Because God does not exist, said Sartre, man defines what he is, his essence, through his own actions. Each individual is responsible for choosing one course of action over another. It is the choice that gives value to the act, and nothing that is not acted upon has value. Lending a moral dimension to an otherwise indifferent universe, Sartre declared that a person cannot define himself by "disappointed dreams, miscarried hopes or vain expectations." Most people seek to evade responsibility by blaming something or somebody else for their fate. Sartre regarded this as "bad faith." It is the real curse of the characters in his most famous play, No Exit (1944), who whine, "Hell is other people."

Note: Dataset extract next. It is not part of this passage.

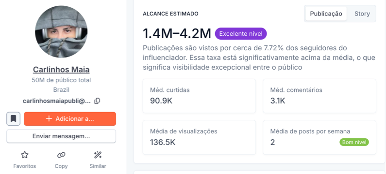 | Alcance médio por post | 1,4M – 4,2M | Excelente |

Sartre expounded his ideas in nine plays, four novels, five major philosophical works, innumerable lectures, and essays written for Les Temps Modernes, the magazine he helped found in 1945. Among its contributors was another action-oriented writer, Albert Camus, who subsequently broke with Sartre in a bitter dispute over the nature of Stalinism, which Camus deplored. Sartre led demonstrations, fired off protests and manned almost every political barricade raised by the left. Ironically, his most conspicuous disciples—the young, the bitter and the cynical—did little or nothing and understood Sartre least. Had he not proclaimed life absurd, reality nauseating and man free—of moral laws, religious commandments, restricting obligations either to ideals or family? The long-haired beatniks became part of Sartre's mystique.